While resting in the 10th spot (again!) for the infamous play-in at the moment, rarely do you see a team lowering the bar for itself. Subtraction by addition. So many guards, so little bigs. Superstar-less and All-Star-less again. One bad decision after another. The Bulls act like they’re allergic to aprons.
So that’s Anfernee Simons, Collin Sexton, Jaden Ivey, Josh Giddey, Matas Buzelis, Isaac Okoro, Tre Jones, Jalen Smith, Zach Collins, Yuki Kawamura, Ousmane Dieng, Guerschon Yabusele, Rob Dillingham, Leonard Miller and Mac McClung. And somehow Patrick Williams and Noa Essengue remained. (Insert shrug emoji here.)
What is coach Billy Donovan going to do with this roster that he didn’t with the rosters before this? What are AK and general manager Marc Eversley going to do to make better with this new “juggernaut” they created with seven new players that they couldn’t with the last? What is Michael Reinsdorf, as Lord Walder Frey, going to do to cover up the blood he is solely responsible for?
They just helped the Celtics, Pistons, Hornets and maybe the Knicks (who got Jose Alvarado in return for the Bulls trading Dalen Terry to New York) in the East. (And they damn sure helped the Timberwolves in the West, sending them Ayo Dosunmu.) These are teams they’re going to have to beat at some point to get to that place their mouths keep telling us they want to go. Years away from making the Finals.

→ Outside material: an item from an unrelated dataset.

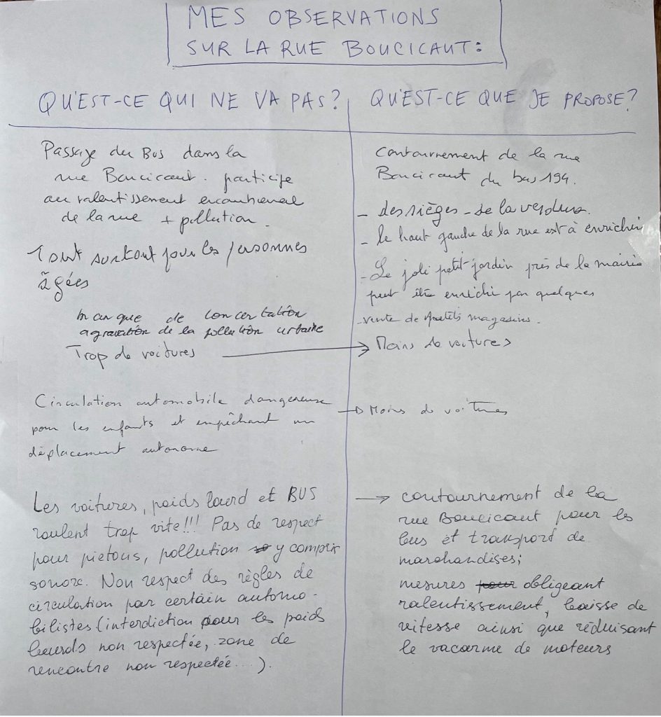 - La promesse du maire d’ouvrir un comité thématique sur la rue Boucicaut est à prendre avec précaution, car en 2019 le maire a déjà ouvert un comité thématique sur la circulation sans aucune prise en compte de leurs 53 recommendations. Malgré son engagement de mettre en œuvre la moitié des 53 propositions et de mettre en place un comité de suivi, il n’a rien fait (voir ici). S’agirait-il de faire travailler de nouveau un comité pendant un an et demi jusqu’aux élections municipales pour ne publier que les photos des groupes de travail mais sans rien faire de leur travail ? J’invite le maire à prouver une ouverture et une écoute réelles.

Is it all a move to get Zion Williamson? Put themselves in a stronger position to maybe get Giannis Antetokounmpo over the summer? Fill the stadium seats on the regular for Ja Morant games? Or are the Bulls purposely trying to beat the Grizzlies and Kings to the title of “worst franchise in sports history” that the Clippers once held? Or, like they’ve been for the last six years and counting, is the answer somewhere in the middle?
Former Nuggets coach Michael Malone, whom Karnisovas worked with for five years in Denver, is big on “understanding the why” in life and in life in the NBA. As we sit through this latest activity by the Bulls in addition to their public responses to the new chaos they just caused, we still do not “understand the why.” We don’t even know if they understand their own why. We do understand this African American proverb via Cottage Grove, though: “For whatever reason this is going down, I ain’t gotta go down with it.”
With cap projection beginning at $166 million, the Bulls have somewhere in the neighborhood of $86 million in cap space to mess around with this summer. With about 400 second-round picks. (OK, 14. Same thing.) For what? For naught? What’s the why? Draft capital is only as good as those making the decisions.
No player available in free agency is going to put the Bulls over the hill they’ve let the franchise die on. The front office’s “clean house” screams keep getting louder by the hour. The one question that overrides all of the questions asked in this column is: What now becomes the Bulls’ identity? Not in the form of a player, not in style of play, but in the form of a composite of a team, in the functionality and aptitude as an organization.
The Painful Era is over. Enter the numbness. The don’t care anymore. The End game. With these latest moves seeming like the culmination of their six-year plan, betrayal becomes us.